> [Task item]: From the line containing "The President of" to the line containing "IV Graduate admission: University/" in the entries below, reproduce every line exactly, ends included. Nothing else belongs in the copy, and no pictures.

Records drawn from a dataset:
>>
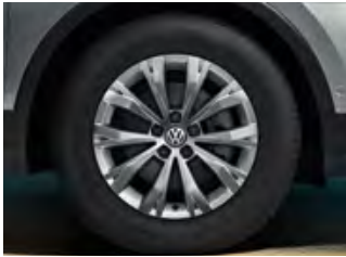
Montana 17" alloy wheels (Standard on Trendline)
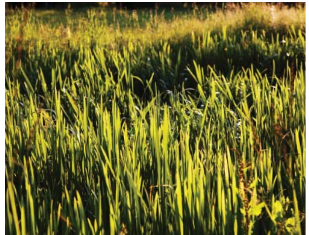
Coe Fen – Wetland in central Cambridge
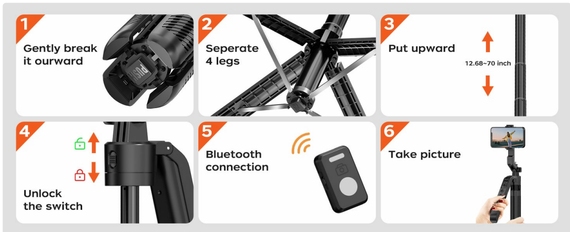
Image: Visual guide for unfolding the tripod, extending the pole, and unlocking the gimbal switch.
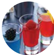
Jelly Alcohol Shots
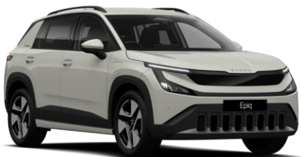
Marble Grey (6U6U – Solid)
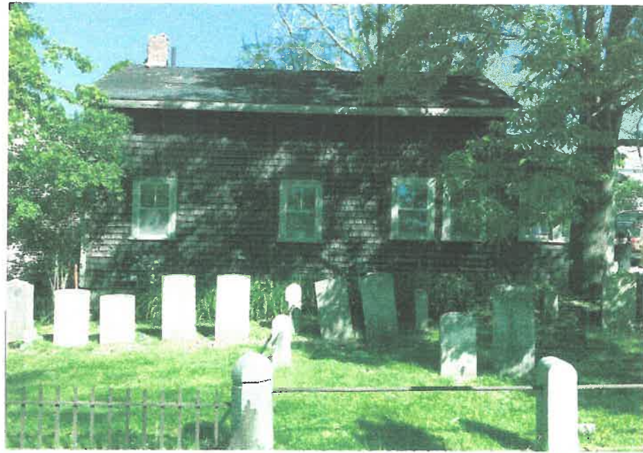
EXISTING LEFT SIDE
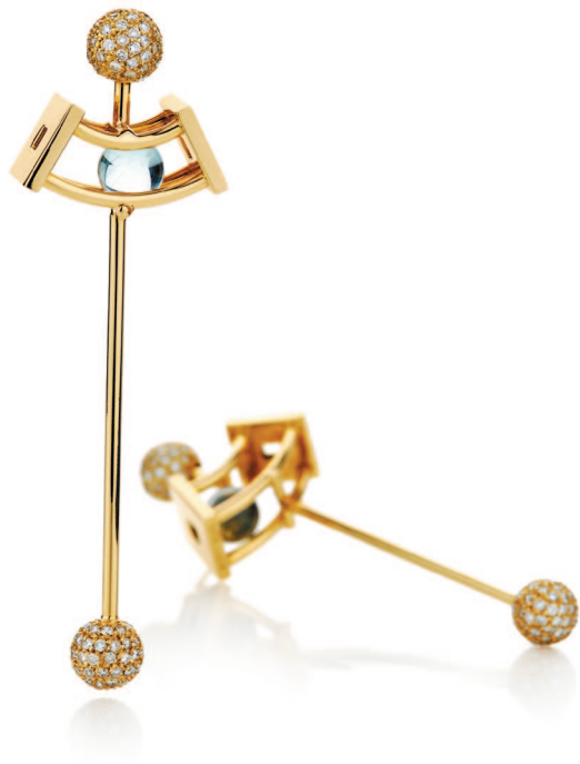
pendulum with ball earrings

18K yellow gold with blue topaz and diamonds
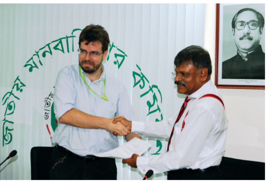
NHRC partnership with Oxfam.

eas of operations of the NHRC. To strengthen the institutional capacity a 3day retreat was organized with an international expert during the year. This contributed to the development of skills, effectiveness and efficiency of both the Members of the NHRC as well as the supporting officers and staff.
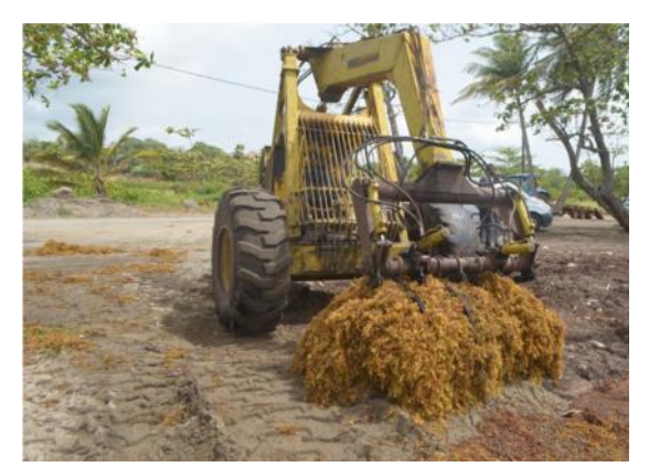
Using a cane-loader to collect large quantities of sargassum in Guadeloupe.

top and bottom layers of seaweed. In some countries a front-end loader with large load-bearing tyres has been used to remove the huge quantities. This has been effective when used to remove only the top layer without touching the sand and then a mechanised rake or manual removal is used to collect the rest. In the French Antilles they have experimented successfully with using cane loaders to pick up large quantities of sargassum, prior to clearing with a mechanised beach rake.
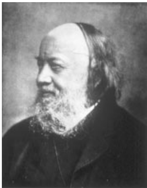
Figure 1 Edwin Chadwick.

Edwin Chadwick, the very name evokes powerful images of Britain at its most self confident and expansive. Victoria on the throne and the map of the world seemingly coloured pink. No challenge seemed too great for those mainly men who sought to conquer—other Peoples and Nations, the wilderness and the oceans and nature itself. Chadwick was truly a man of his times and a reflection of this unbounded self confidence, whose curiosity took him into a wide range of fields (fig 1).
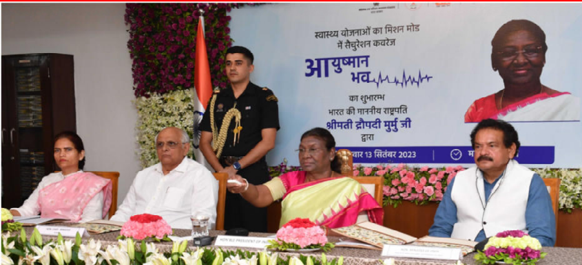
The President of India, Smt Droupadi Murmu virtually launching the Ayushman Bhav Campaign from Raj Bhavan, Gandhinagar on September 13, 2023.

The Hon'ble President of India, Smt Droupadi Murmu virtually launched the Ayushman Bhav Campaign from Raj Bhavan, Gandhinagar today. Speaking on the occasion, the President said, the goal of 'Ayushman Bhav Campaign - no person should be left behind and no village should be left behind - would make our country successful in achieving the objective of Universal Health Coverage. She added that if every person and every family stays healthy, then the resolve to build a healthy India would be fulfilled. She was happy to note that a Multi-Ministerial approach has been adopted to achieve this goal. She stated that everyone's cooperation would be helpful in
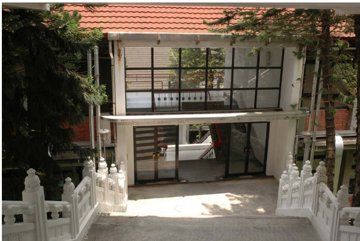
Taipei Campus 台北校區

IV Graduate admission: University/ Master's graduates Students must submit completed 3- or 4-year official English transcripts of courses from all university years.
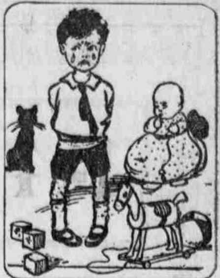
Cross-Patch got up one day. Wouldn't smile, wouldn't play. Snatched his toys from baby brother. Smacked the cat and grieved his mother. All because—or so 'tis said—He got the wrong way out of bed.
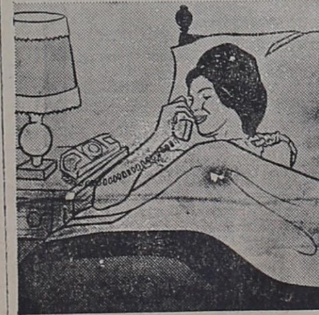
ANOTHER TELEPHONE IN THE BEDROOM
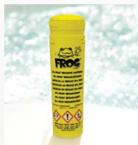
Frog® In-Line Sanitising System
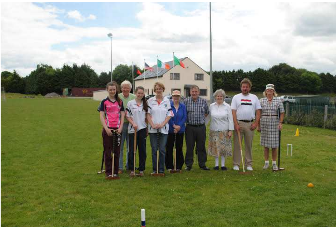
Croquet Demonstration provided by members of the Carrickmines Croquet and Lawn Tennis Club at Swinford Amenity Park on 27th June 2014

It is our commitment to Build Bridges in our Community by promoting Equal Inclusion for ALL .
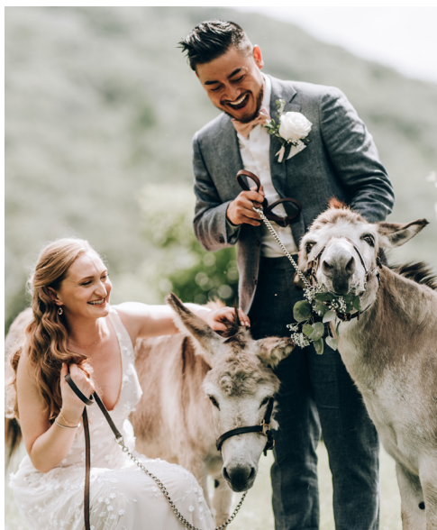
Fox and Hare
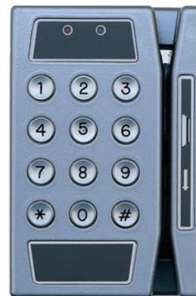
Switchplate MagStripe with Keypad Reader
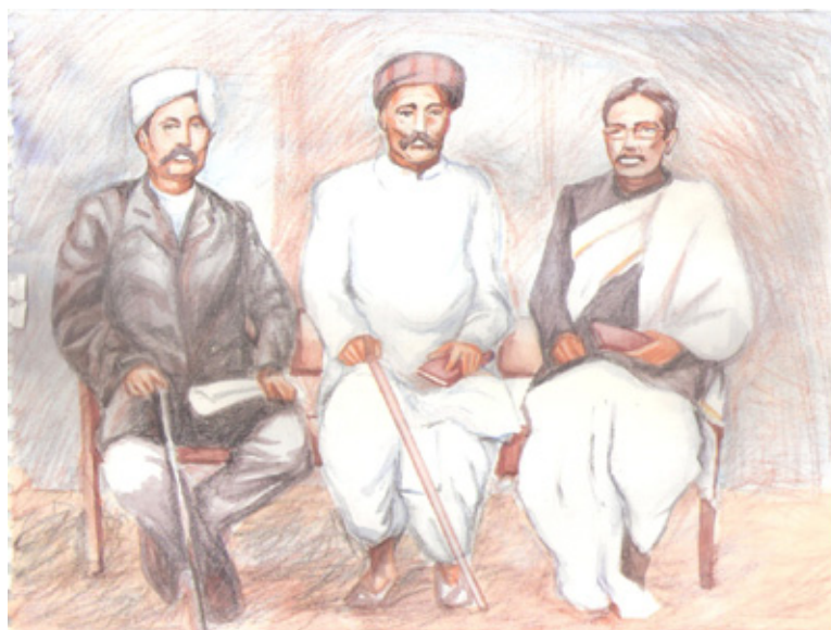
Figure 8.2 Lal-Bal-Pal

The mild policies of the Moderates in the Congress led to the rise of passionate, radical nationalists, who came to be called the 'Garam Dal'. Thus the first phase of the nationalist movement came to an end with government reaction against the Congress on the one hand and a split in the Congress in 1907 on the other. That is why the period after 1905 till 1918 can be referred to as the 'Era of Passionate Nationalists or Garam Dal'. Lala Lajpat Rai, Bal Gangadhar Tilak and Bipin Chandra Pal (Lal-Bal-Pal) were important leaders of this Radical group. When the Moderates were in the forefront of the action, they had maintained a low profile but now they swung into action. Their entry marked the beginning of a new trend and a new face in India's struggle for freedom. According to them, the Moderates had failed to define India's political goals and the methods adopted by them were mild and ineffective. Besides, the Moderates remained confined to the upper, landed class and failed to enlist mass support as a basis for negotiating with the British.
<<
> [Solution for this exercise]:
The President of India, Smt Droupadi Murmu virtually launching the Ayushman Bhav Campaign from Raj Bhavan, Gandhinagar on September 13, 2023.

The Hon'ble President of India, Smt Droupadi Murmu virtually launched the Ayushman Bhav Campaign from Raj Bhavan, Gandhinagar today. Speaking on the occasion, the President said, the goal of 'Ayushman Bhav Campaign - no person should be left behind and no village should be left behind - would make our country successful in achieving the objective of Universal Health Coverage. She added that if every person and every family stays healthy, then the resolve to build a healthy India would be fulfilled. She was happy to note that a Multi-Ministerial approach has been adopted to achieve this goal. She stated that everyone's cooperation would be helpful in
Taipei Campus 台北校區

IV Graduate admission: University/ Master's graduates Students must submit completed 3- or 4-year official English transcripts of courses from all university years.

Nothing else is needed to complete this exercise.